---- Input material

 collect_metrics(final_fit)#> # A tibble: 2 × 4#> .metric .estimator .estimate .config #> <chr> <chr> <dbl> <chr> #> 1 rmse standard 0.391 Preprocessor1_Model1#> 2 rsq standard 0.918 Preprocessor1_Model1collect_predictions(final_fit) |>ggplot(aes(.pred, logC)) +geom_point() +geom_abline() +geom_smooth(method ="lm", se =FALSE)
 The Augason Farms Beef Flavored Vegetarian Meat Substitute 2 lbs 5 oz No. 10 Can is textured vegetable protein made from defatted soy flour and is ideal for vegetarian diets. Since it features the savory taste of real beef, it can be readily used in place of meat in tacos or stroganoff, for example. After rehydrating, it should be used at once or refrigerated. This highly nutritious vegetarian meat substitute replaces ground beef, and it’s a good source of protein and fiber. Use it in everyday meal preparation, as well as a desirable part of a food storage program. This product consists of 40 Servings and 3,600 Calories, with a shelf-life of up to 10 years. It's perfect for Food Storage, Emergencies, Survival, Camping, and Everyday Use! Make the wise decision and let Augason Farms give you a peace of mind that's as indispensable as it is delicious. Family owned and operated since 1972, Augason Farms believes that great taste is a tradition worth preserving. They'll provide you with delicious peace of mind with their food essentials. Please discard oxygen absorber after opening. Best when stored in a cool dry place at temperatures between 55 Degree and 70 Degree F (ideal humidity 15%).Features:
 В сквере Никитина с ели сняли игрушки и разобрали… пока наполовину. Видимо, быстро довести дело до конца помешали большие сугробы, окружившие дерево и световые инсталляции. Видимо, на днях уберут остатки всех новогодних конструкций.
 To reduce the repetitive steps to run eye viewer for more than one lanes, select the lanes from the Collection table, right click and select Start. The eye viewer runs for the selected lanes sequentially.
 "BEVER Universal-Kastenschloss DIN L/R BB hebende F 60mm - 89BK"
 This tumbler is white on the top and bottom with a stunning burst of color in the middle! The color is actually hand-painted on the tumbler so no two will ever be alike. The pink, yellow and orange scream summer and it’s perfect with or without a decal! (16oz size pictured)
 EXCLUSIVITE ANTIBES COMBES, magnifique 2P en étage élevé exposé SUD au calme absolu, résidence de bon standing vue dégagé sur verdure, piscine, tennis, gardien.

--------
---- Input material

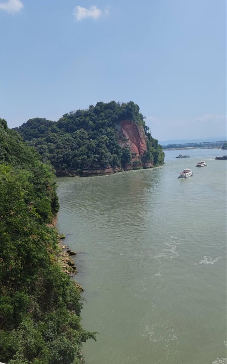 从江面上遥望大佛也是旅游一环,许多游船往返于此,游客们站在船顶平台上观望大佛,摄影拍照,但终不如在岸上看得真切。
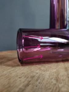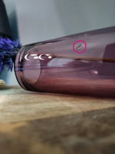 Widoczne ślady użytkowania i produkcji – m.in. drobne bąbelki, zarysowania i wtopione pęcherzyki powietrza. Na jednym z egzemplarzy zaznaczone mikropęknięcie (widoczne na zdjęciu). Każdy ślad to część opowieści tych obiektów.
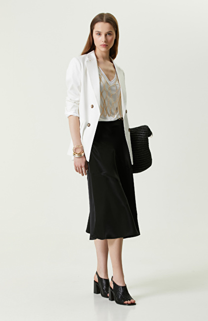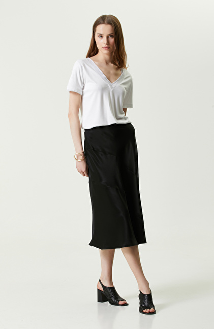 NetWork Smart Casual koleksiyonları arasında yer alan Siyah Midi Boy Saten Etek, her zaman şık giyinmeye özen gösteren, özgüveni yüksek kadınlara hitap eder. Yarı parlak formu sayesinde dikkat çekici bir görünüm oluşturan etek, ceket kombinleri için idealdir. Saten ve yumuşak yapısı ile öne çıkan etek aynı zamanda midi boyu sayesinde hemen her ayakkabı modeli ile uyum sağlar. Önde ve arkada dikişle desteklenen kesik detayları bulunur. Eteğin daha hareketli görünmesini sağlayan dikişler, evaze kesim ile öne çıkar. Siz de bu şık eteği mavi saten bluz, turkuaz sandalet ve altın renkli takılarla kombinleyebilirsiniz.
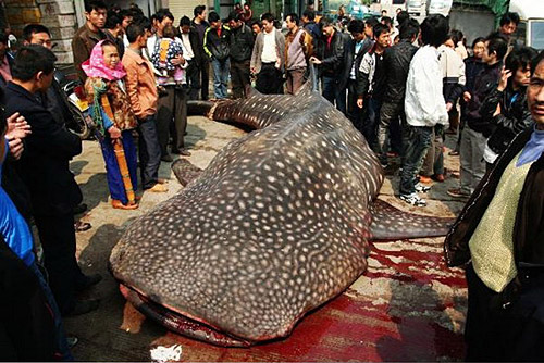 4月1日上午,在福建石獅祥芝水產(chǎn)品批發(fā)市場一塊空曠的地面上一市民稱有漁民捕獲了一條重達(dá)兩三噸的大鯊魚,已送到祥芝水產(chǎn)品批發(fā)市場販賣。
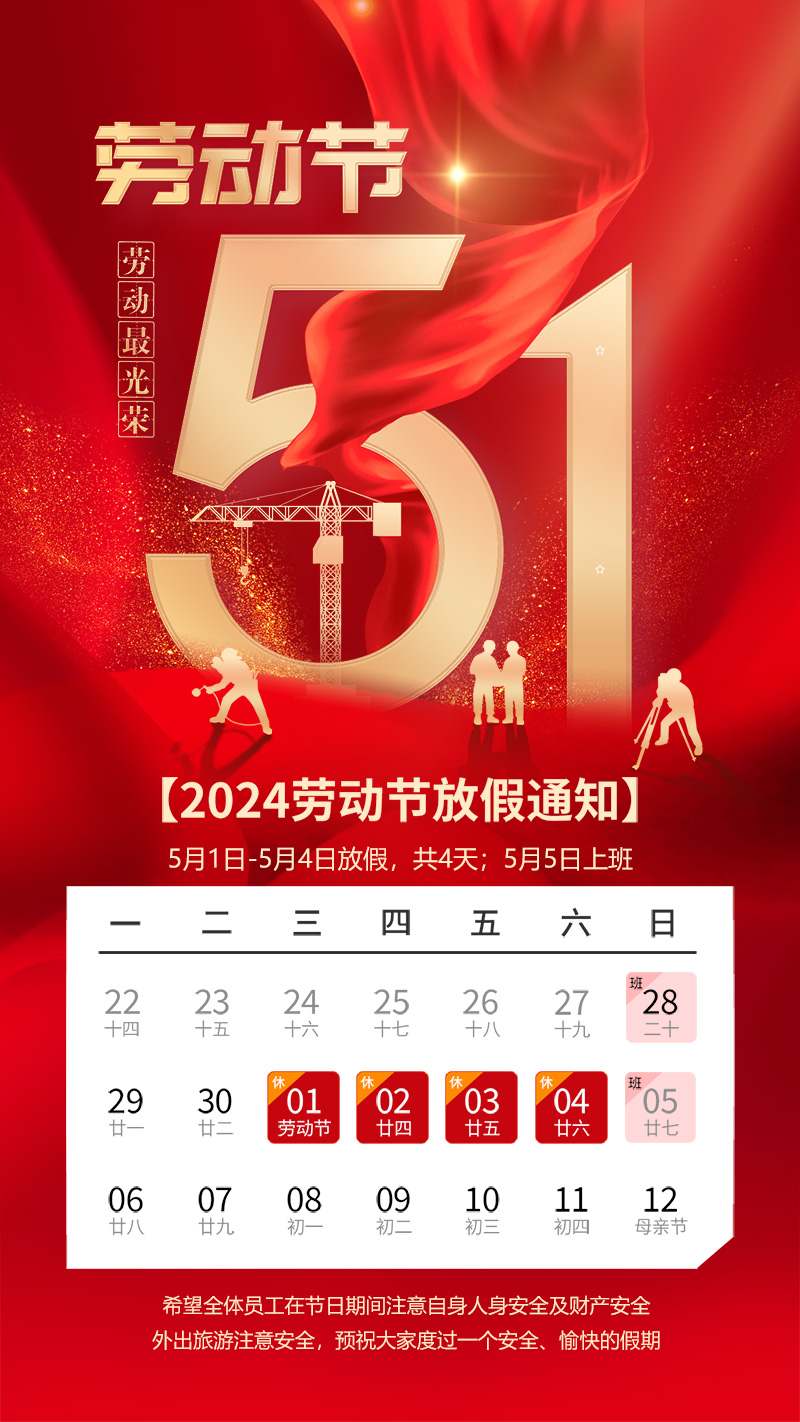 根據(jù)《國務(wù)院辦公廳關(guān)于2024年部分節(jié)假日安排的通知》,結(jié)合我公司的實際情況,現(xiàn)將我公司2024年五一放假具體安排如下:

--------

Aim of the exercise
The response should hold exactly the lines starting at the line with "В сквере Никитина" and ending at the line with "Universal-Kastenschloss DIN L/R", and no other line of the material above.

Worked solution
 В сквере Никитина с ели сняли игрушки и разобрали… пока наполовину. Видимо, быстро довести дело до конца помешали большие сугробы, окружившие дерево и световые инсталляции. Видимо, на днях уберут остатки всех новогодних конструкций.
 To reduce the repetitive steps to run eye viewer for more than one lanes, select the lanes from the Collection table, right click and select Start. The eye viewer runs for the selected lanes sequentially.
 "BEVER Universal-Kastenschloss DIN L/R BB hebende F 60mm - 89BK"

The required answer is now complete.